Feds turn to Linux for scalability, reliability

'NO ONE BUYS an operating system,' said Paul Smith, vice president of government sales at Red Hat. 'They buy an application.' Hill Air Force Base was a heavy user of Oracle products, and Oracle 'just scales better on Red Hat.'

Hill is using Red Hat Enterprise Linux Version 5, which has received Common Operating Environment certification from the Defense Information Systems Agency, meeting DISA requirements for interoperability, performance and standards. It also received certification through the Common Criteria Evaluation and Validation Scheme, a cooperative effort of the United States, Canada and Europe that's spearheaded by the National Institute of Standards and Technology.
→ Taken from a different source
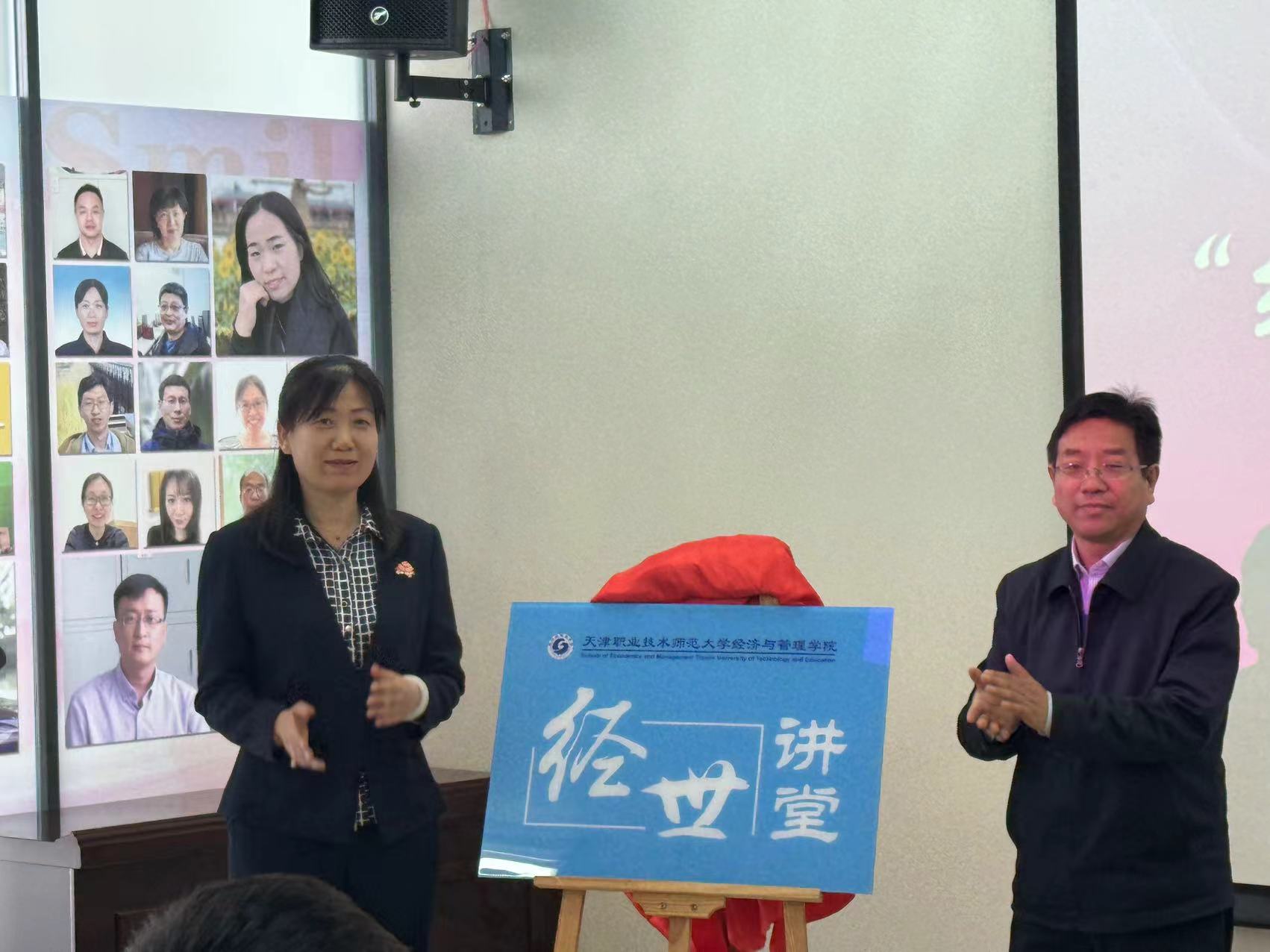 在与会师生的见证下,副董事长蔡玉俊、公司党委书记、经理赵丽华为“经世讲堂”进行揭牌。

CCEVS is 'sort of a Good Housekeeping Seal of approval' that a product is secure, Smith said.

Microsoft Windows just doesn't have a good reputation when it has to scale to an enterprise application that requires high levels of security, Smith said.

A number of government agencies have moved to Linux, including agencies that handle a lot of secure information, such as the Army, Navy and 'those three-letter intelligence agencies nobody likes to talk about but we know who they are,' Smith said. The Federal Aviation Administration switched to Linux because it needed its reliability for critical 'bet-your-life kind of applications,' he said.

The National Weather Service, the Census Bureau, the Postal Service, NIST and the Defense Department are also Red Hat Linux users.